Patients suffering from cancer usually suffer from severe pain. This can be for a number of reasons, such as the invasion of their bones, inflammation or damage caused to nerves. It is a form of pain which is notoriously hard to treat effectively.
At the University of Iowa Noyes et al (1975a) gave oral THC or a placebo at random to hospitalised cancer patients who were in severe pain. The THC relieved pain for several hours at very low doses and longer periods at higher doses (15 - 20 mg). It also acted as a sedative at the higher dose. It had fewer physical side effects than other commonly used analgesics. There was no incidence of nausea or vomiting unlike many other analgesics - indeed more than half of the patients had an increased appetite.
Then Noyes et al conducted another study (1975b). This time they gave codeine, THC and placebo to 36 patients with advanced cancer. Codeine and cannabis were equally effective, but some patients found the psychoactive effects of THC uncomfortable. However these people did not know they were going to take a psychoactive drug and were obviously frightened. If they had been told beforehand perhaps they would not have been uncomfortable. Many of the patients however felt they generally had a sense of well-being that was absent before. As a result of this experiment, the researchers estimated that 10mg of THC was roughly equivalent to 60mg of codeine.
A study revealing potential additive effects of THC on standard medication was done by Holdcroft et al (1997). It centred on a patient who had severe chronic pain of gastrointestinal origin. The patient used morphine as an analgesic.It was found that the patient required a substantially lower amount of morphine when they were treated with oral THC in the form of cannabis oil.

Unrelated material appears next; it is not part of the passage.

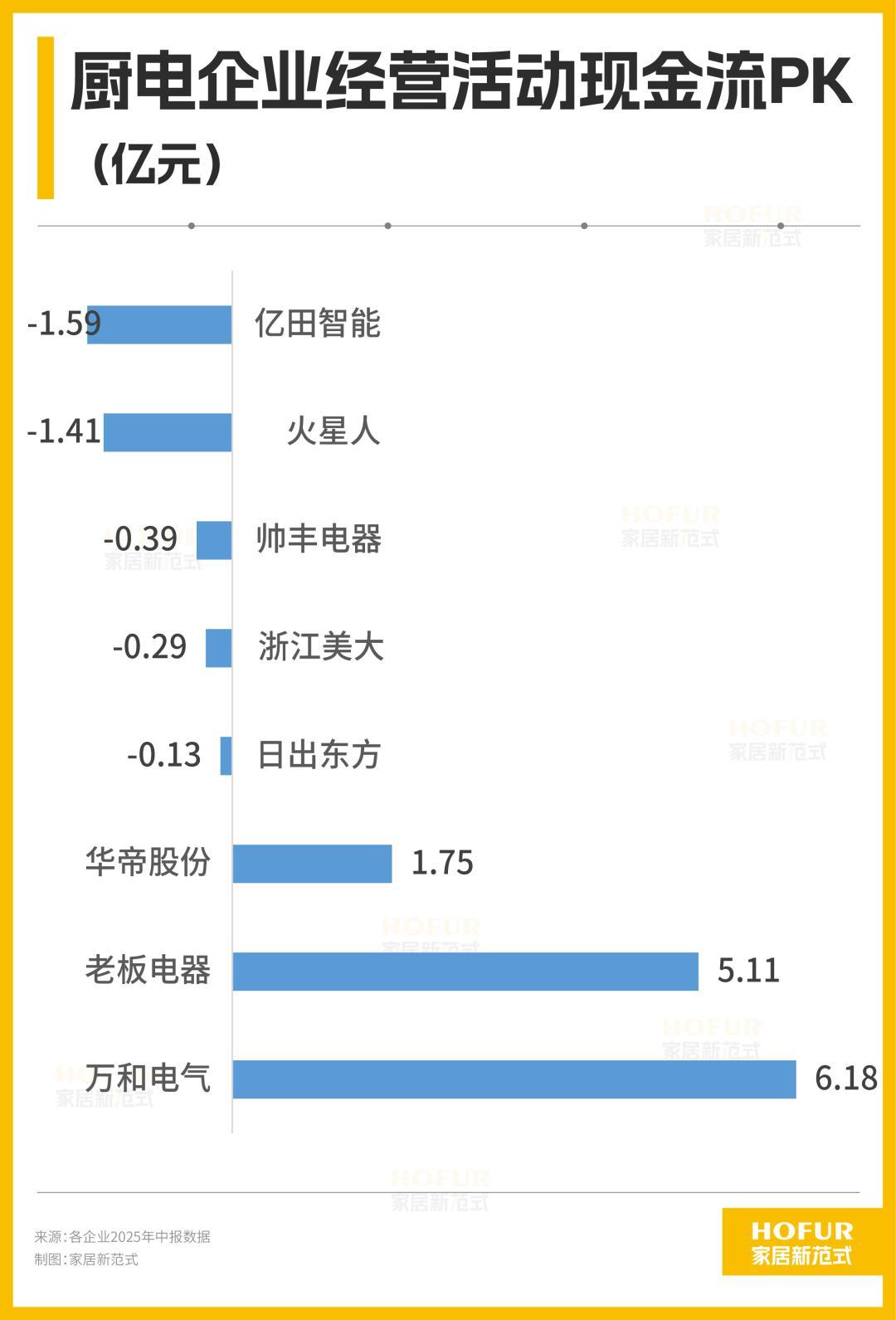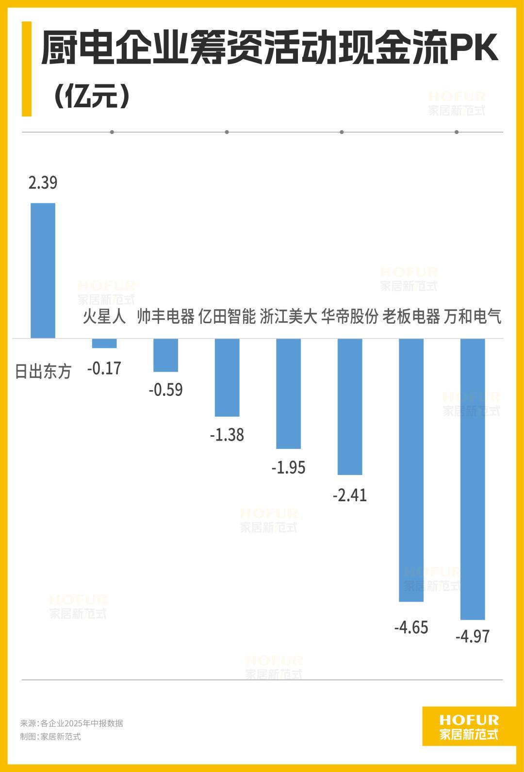 家居新范发现,在存量竞争时代,现金流才是一个企业最大的底气。从经营活动现金流来看,巨头忙着“存粮”,新势力正在“失血”,老板电器、华帝股份现金流充足,造血能力强劲,存够了“粮食”抵御行业寒冬;反观集成灶品牌和日出东方,经营活动现金流为负,处于“失血”状态,过去的家底光拿来交学费了。

The differing mechanism of analgesic action cannabis uses compared to existing (mainly opioid) medications means that not only are additive effects likely, but it could be useful in patients resistant to existing medications, and be useful in treating pain which existing medications fail to deal with adequately. The National Institutes of Health suggested that 'Neuropathic pain represents a treatment problem for which currently available analgesics are, at best, marginally effective. ...THC...may be useful in this inadequately treated type of pain'. The findings of Growing et al (1998) concurred with this conclusion, and suggested that this might be the area of greatest medical potential.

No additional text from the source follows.